O nonno faz história

(...)Não tenho hobby. Se você me pergunta "Sabe tocar piano"? Não sei. "Sabe pintar?" Não. O que sei é trabalhar.

(...) Depoimento a

luiza bandeira
enviada especial a taubaté (SP)

Em 1958, a Itália estava se reconstruindo, com poucas oportunidades e pouco trabalho. Eu tinha 20 anos, faltava pouco para fazer 21. Você tinha que buscar oportunidade em algum lugar ou se sacrificar na Itália.

Tinha três opções: Brasil, Argentina ou Austrália. Achei que era Brasil, mas não me pergunte o porquê. Não sabia onde ficava, não sabia que língua falava, ignorância total. Como qualquer europeu daquela época.

A Itália tinha acabado de sair da guerra. Como toda cidade industrial, Milão foi uma cidade relativamente preservada. Teve bombardeio, mas dentro do razoável.

Comecei a ir para a escola com cinco anos e meio. Minha mãe me levou uma vez e nunca mais. Eu tinha que ir e voltar sozinho. Se tivesse algum alarme durante o trajeto, buscava refúgio para me abrigar dos bombardeios aéreos. E assim foi a infância.

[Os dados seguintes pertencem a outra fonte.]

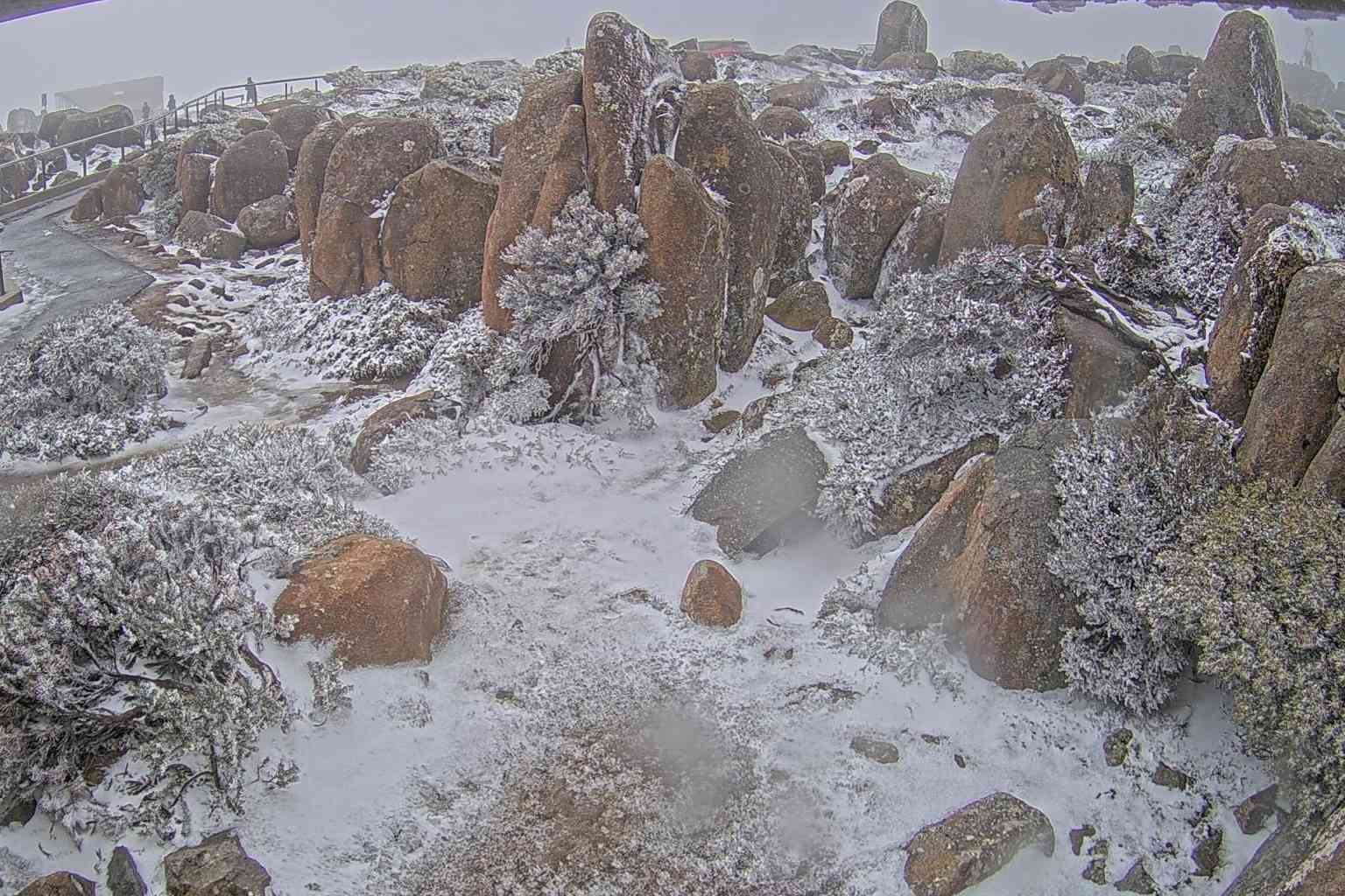 Eager visitors flocked to Mt Wellington first thing this morning, with many sharing images of the snow-covered summit online.
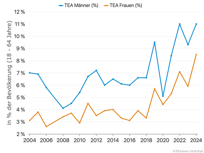 Gesine Tuitjer und Christian Bergholz vom Thünen-Institut für Innovation und Wertschöpfung in ländlichen Räumen sind Mitautor*innen des Sonderberichts und haben die Stadt-Land-Unterschiede im Gründungsverhalten der Frauen analysiert. Ihr Ergebnis: Auf dem Land gründen Frauen seltener Unternehmen als in Städten. So entschieden sich im vergangenen Jahr 4,3 Prozent der befragten Frauen in ländlichen Räumen dafür, ein eigenes Unternehmen zu gründen. In Städten waren es 5,4 Prozent.

Depois passou a guerra, completei os estudos de perito técnico industrial e decidi ir embora. Meu pai tinha vindo para o Brasil dez meses antes. Ele trabalhava como mecânico por aqui, mas não tinha tido sucesso.

Quando cheguei, morei na pensão em que ele vivia. Fui procurar emprego, mas o Brasil é muito cruel. Minha passagem foi paga pelo governo brasileiro, mas o Brasil não é um país mãe. Você chega aqui e está abandonado, ninguém fala "Você vai fazer isso, vai fazer aquilo".

Trabalhei como desenhista e projetista, trabalhei na Arno, Willys, Ford, e as coisas melhoraram.

Casei em 1963. Aí começaram a nascer os filhos, e essa foi a caminhada brasileira.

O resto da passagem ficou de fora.